It was George Robinson who built the old stone house in Carrcroft known as the Carr mansion. Robinson purchased 47 acres by two deeds from George Stonemit and Elias Tussey in 1769. This tract covered an area along Shellpot Creek through which the Bringhurst Woods section of Carr Road and the B&O Railroad now run.


Bringhurst Woods Park

Robinson built the saw mill on the lower end of this trace, the races for which were conveyed by William Forman and Jacob Weldin, May 1, 1769. In 1793, George Robinson’s widow, Elizabeth, sold the mill to Jesse Weldin, grandson of George and Elizabeth Robinson and a Revolutionary War veteran who had served as a private in the “Delaware Blues Company” under Capt. Joseph Stidham.


He reportedly sold the mill in 1804 to John Vandever, Jr. but this deed was not recorded. The property was purchased at Sheriff’s Sale by William by William Glover in 1805.


Sometime during the 12 years the property was owned by Weldin or Vandever, a grist mill was erected on it. The first documented evidence of the grist mill appears in Glover’s 1805 deed. This mill, like Henry Webster’s, was built of fieldstone. It stood well into the [20th] century. It’s location [was] marked by a large hole in the ground a few feet north of the B&O Railroad, near the creek.


George Davis bought both mills in 1812 together with a two-story stone house, races, and mill dams. In reply to an inquiry by Secretary of the Treasury McLane I 1832, Joseph Phillips (writing for Davis) stated that there was a capitol investment of $1,000 in the grounds, building, water power, and machinery for the grist mill. The services of one hand were required at the cost of $12 a year. Approximately 1,000 bushels of grain were ground annually into flour which was consumed in the immediate neighborhood.


On Feb. 18, 1839. George Davis’ executor John Allmond conveyed the mills to William S. Elliott, who sold them back to Allmond the next day. John Allmond is believed to have been the last owner to operate the saw mill. On his death in 1866, he left the grist mill and four acres to his son, George.

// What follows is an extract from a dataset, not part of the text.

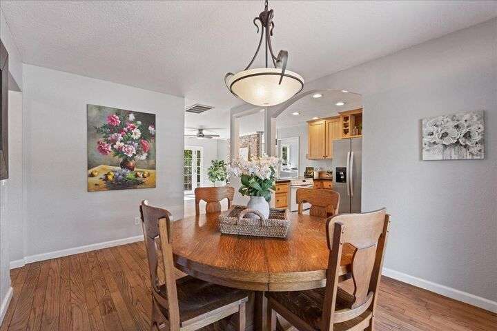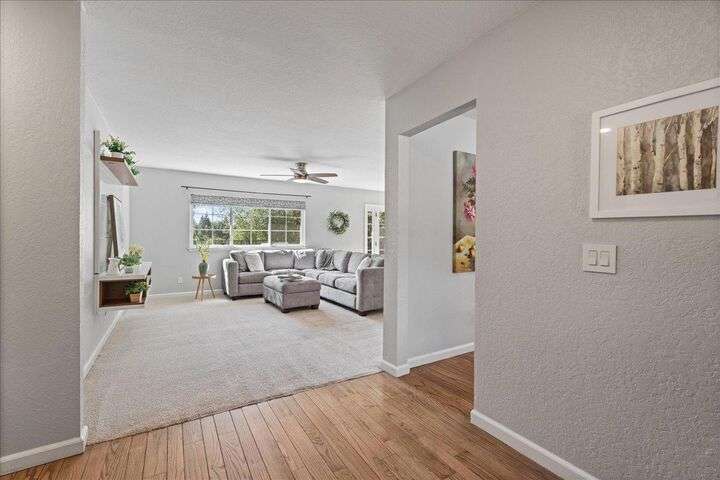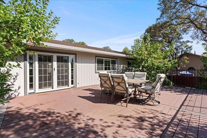 Welcome Home! Relax and enjoy evening sunsets from the expansive deck of this versatile SINGLE STORY home in the charming, established neighborhood close to the Cameron Park Golf Course. The .35 acre lot includes mature fruit trees, a large, flat rear yard ideal for play, pets and entertaining, a 2-car garage with extensive storage, plus an additional driveway with RV parking and its own gated area. Inside, you'll find beautifully refinished hardwood floors, french doors that open to the deck of your serene back yard, open and updated kitchen, 4 bedrooms, 2 bathrooms and inside laundry. Additional updates include brand new exterior paint, new gutters, tankless water heater, and low-water front landscaping. Best of all, No HOA, Mello Roos or CA Fair Plan and conveniently located for all your Sierra Foothill adventures! This home truly has it all!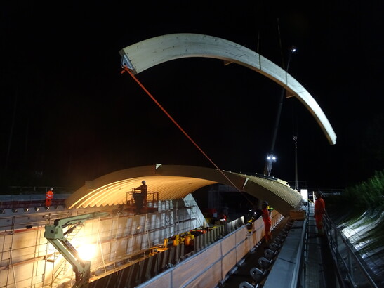 For the assembly of the supporting structure, the highway was reduced to two lanes during 24 nights from 9.30 p.m. to 4 a.m. each night. In the week of 26.10. - 30.10.2020, the sealing work was completed. Then, by the end of 2020, the wooden bridge will be completed with root protection film, seepage gravel, drainage mat and soil for planting.

The remainder of the tract, containing the saw mill, he bequeathed to all his children. The saw mill property was eventually purchased by George S. Allmond, who sold it to Edward Bringhurst in 1904. It is now owned by the City of Wilmington and is included in Bringhurst Woods Park. The saw mill, unused and in ruins for years, has been long forgotten.


It is rumored that treasure lay buried nearby. Edward Bringhurst reputedly discovered a nocturnal party silently digging in the ruins some years ago [written in 1960]. When surprised by Bringhurst, they immediately stopped work and fled, as the “spell” had been broken. To this day, no treasure has been found.


The gristmill inherited by George Allmond in 1866, was sold two years later to John Butler. He ran the mill for several years, selling out to Oliver H. Perry in 1884. Perry is the miller best remembered in the neighborhood. Henry Weldin, who lives on land owned by the family since the days of William Penn, now in his 90s [1960], recalls as a boy hauling grain to the mill to be ground.


Oliver Perry’s heirs conveyed the property to Cordelia M. and William Hewes. J. Edward Addicks purchased the mill tract in 1891 and kept the old mill in production, grinding feed for his dairy herd until he was foreclosed in 1907, by Charles S. Hinchman. Hinchman sold the property to Vincent A. Walker in 1915.

The Morning News - February 7th, 1907

It was Walker who finally tore down the venerable structure for the stone, during the depression.


The mill, known as the Allmond or Butler mill, was the only Shellpot mill to remain in operation into the 1900s.